Определения оснований по Льюису (доноры электронной пары) и Бренстеду (акцепторы протона) по сути дела синонимичны. Что же касается кислот, то в теории Бренстеда к ним относятся только доноры протона, в то время как в теории Льюиса кислотой считается любое электронодефицитное соединение. Самым серьезным неудобством теории Льюиса является то, что ее нельзя поставить на универсальную количественную основу. Для кислот и оснований Бренстеда существует одна шкала (шкала рКа; см. разд. 3.3), характеризующая сродство оснований к протону, тогда как для кислотности и основности Льюиса можно создать огромное множество шкал, которые, к сожалению, не будут согласованными одна с другой. Тем не менее и в кислотности Льюиса можно найти замечательные закономерности. В химии координационных соединений уже давно было известно, что все металлы и все лиганды по склонности соединяться друг с другом делятся на две большие группы. аммиак, вода и анион F- сильно комплексуются с катионами щелочных и щелочноземельных металлов, но слабо - с катионами тяжелых металлов типа Hg2+ или Pt2+. Для фосфинов (R3P), сульфидов (R2S) и ионов тяжелых галогенов (I-, Br-) ситуация обратная: эти лиганды образуют прочные комплексы с катионами тяжелых металлов (старое название тиолов RSH - "меркаптаны" - происходит от латинского corpus mercurium captans", т.е. "тело, ловящее ртуть"). Другими словами, Hg2+ как кислота Льюиса слабее Mg2+, если в качестве основания взять Н2О, но сильнее, если в качестве основания выбрать R2S. Топ 10 вещей для базового гардероба Топ 10 предметов гардероба беременной женщины.

Разборчивость кислот Льюиса в выборе оснований, с которыми они предпочитают связываться, имеет по-настоящему всеобщее значение Еще Берцелиус в XIX веке обратил внимание на то, что некоторые металлы, например Al, Mg и Ca, всегда встречаются в природе в виде карбонатов или оксидов, тогда как другие металлы, например Cu, Pb, Hg, обычно находятся в виде сульфидов.

Для объяснения этих и множества других подобных наблюдений в 1963 г. Пирсон предложил принцип жестких и мягких кислот и оснований (принцип ЖМКО), который с тех пор нашел широкое применение в органической химии.

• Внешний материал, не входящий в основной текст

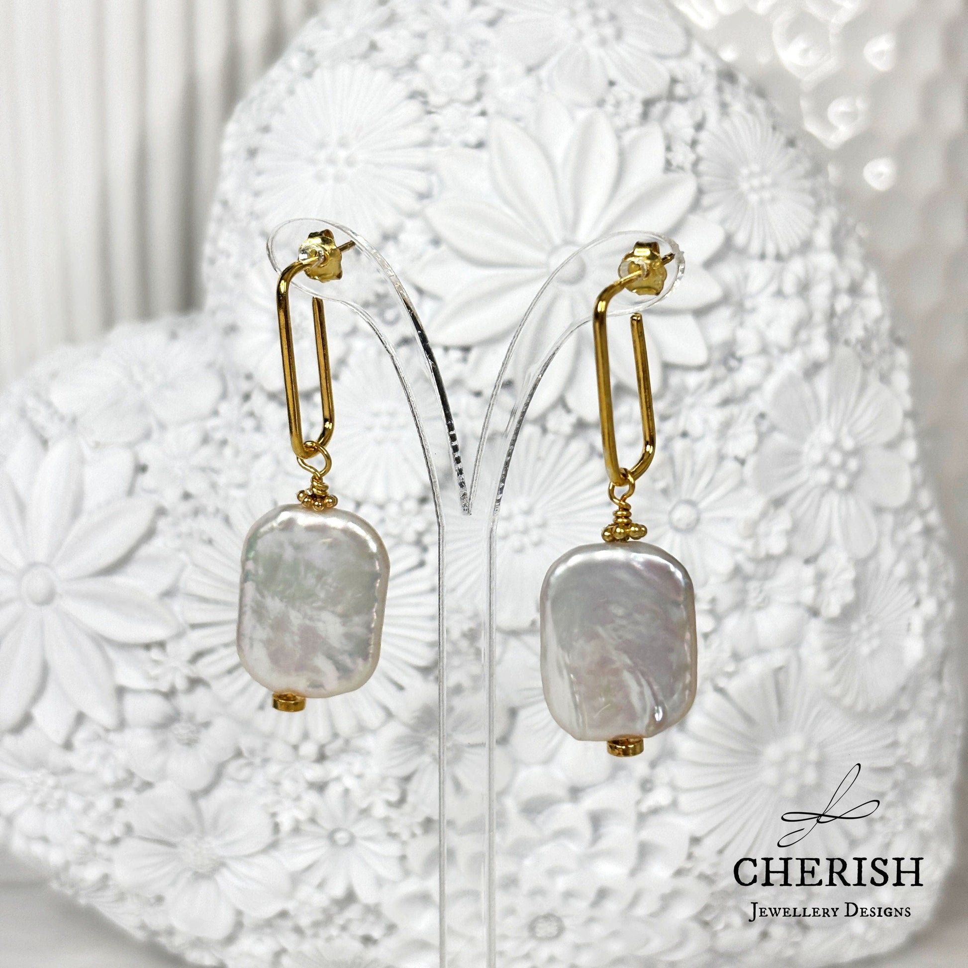 These playfully modern drops feature geometric sterling silver paperclip links anchoring a graceful rectangular freshwater pearl. And the best part? You get two pairs of earrings in one! Just slide off the pearl drop for a simple paperclip earring. Available in polished sterling silver or warm gold vermeil.

С 1954 г. известно уравнение Эдвардса, которое связывает между собой протонную и льюисовскую основность:

logK/K0=aP+bH

где K - константа равновесия реакции основания В с кислотой А (уравнение (3.2)); Ko - константа равновесия реакции основания Н2О с кислотой А; P - поляризуемость основания В; H - относительная протонная (бренстедовская) основность этого основания, т.е. константа диссоциации сопряженной ему кислоты ВН+, деленная на константу диссоциации Н3О+ в воде; a и b -эмпирические константы, зависящие от природы кислоты А. Из уравнения Эдвардса следует, что на реакцию кислоты А с основаниями Льюиса, обладающими высокой протонной основностью, влияет главным образом параметр H, характеризующий такую основность, а реакция оснований с низкой протонной основностью связана в основном с поляризуемостью основания P.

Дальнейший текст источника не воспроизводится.